Editor's Note: This report is based on survey data from November 2021 that was published in December 2021. This is the most recent data available. (Source: Bureau of Labor Statistics)

The short story is that the U.S economy added 210,000 jobs last month, bringing the unemployment rate down from 4.6% to 4.2%. 

At this level of unemployment in the past, adding more than 200,000 jobs has often been assessed by economists as a strong indicator of a well-functioning economy. Despite historical precedent, however, the framing of this jobs report was notably less positive. 

One key piece of context for understanding these figures, as always, is how the reported jobs numbers compare to expectations. In this case, the jobs figures fell well short of the general economic forecast, which expected nearly twice as many new jobs to be added. This discrepancy alone could explain much of the negativity expressed in the December report. 

Still, and as with all of these reports produced by the Bureau of Labor Statistics, the jobs numbers for last month will continue to be revised in the coming months as more accurate data is collected and analyzed. With 2021 coming to a close, it’s entirely possible that last month’s jobs numbers may ultimately meet or exceed expectations after all. 

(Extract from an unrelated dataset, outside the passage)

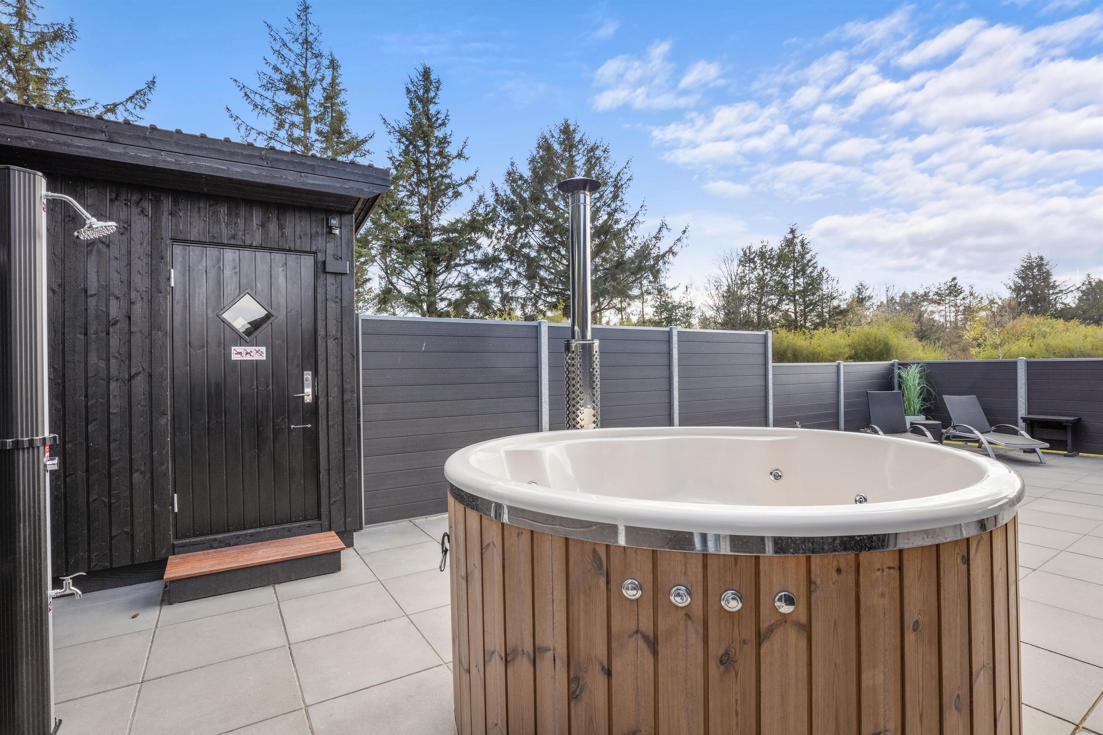 Med en række luksuriøse faciliteter som infrarød sauna, vildmarksbad med dyser og en rummelig terrasse, er ægte feriehygge garanteret. Udforsk den fantastiske naturgrund, og nyd nem adgang til både strand og indkøbsmuligheder i nærområdet.

Whether or not such upward revisions are in store for last month’s newly added job figures remains to be seen, but the consistency of the initial undercount throughout most of the pandemic is additional context that should be weighed. 

The industries where most of these new jobs were concentrated include professional and administrative services, which saw the most new jobs at +90,000. The transportation and warehousing industry registered 50,000 new jobs, while the construction and manufacturing industries added 31,000 new jobs each.

Interestingly, retail employment lost about 20,000 jobs last month, perhaps as a reflection of consumer behavioral response to increasing concerns over the viral omicron variant. Then again, food and beverage employment, which has been one of the hardest-hit industries throughout the Covid-19 era, continued to see growth last month, with new jobs offsetting nearly half of last month’s retail job losses. 

Mployer Advisor’s Take: 

As noted in the paragraphs above, context is crucial to understanding the underlying meaning of a jobs report, including the recognition that thorough economic analyses must extend beyond unemployment rates and the number of new jobs created in a given month. 

Although few industries have recouped all of the jobs accounted for prior to February 2020, concerns about the unemployment rate lately have become overshadowed by concerns about inflation. While the workforce remains down about three million people from pre-pandemic levels, it’s estimated that about half of those people have retired with no plans of seeking future employment. 

The big questions at hand currently involve the other half who are not necessarily believed to be permanent retirees, but whose working plans for the future remain unclear or unknown entirely. 

A strong unemployment rate coupled with climbing inflation indicates that the Federal Reserve may shift its present course and consider raising interest rates to suppress the reality of rising inflation. If so, the operative question becomes less about “if” the Fed will raise interest rates and simply “when.”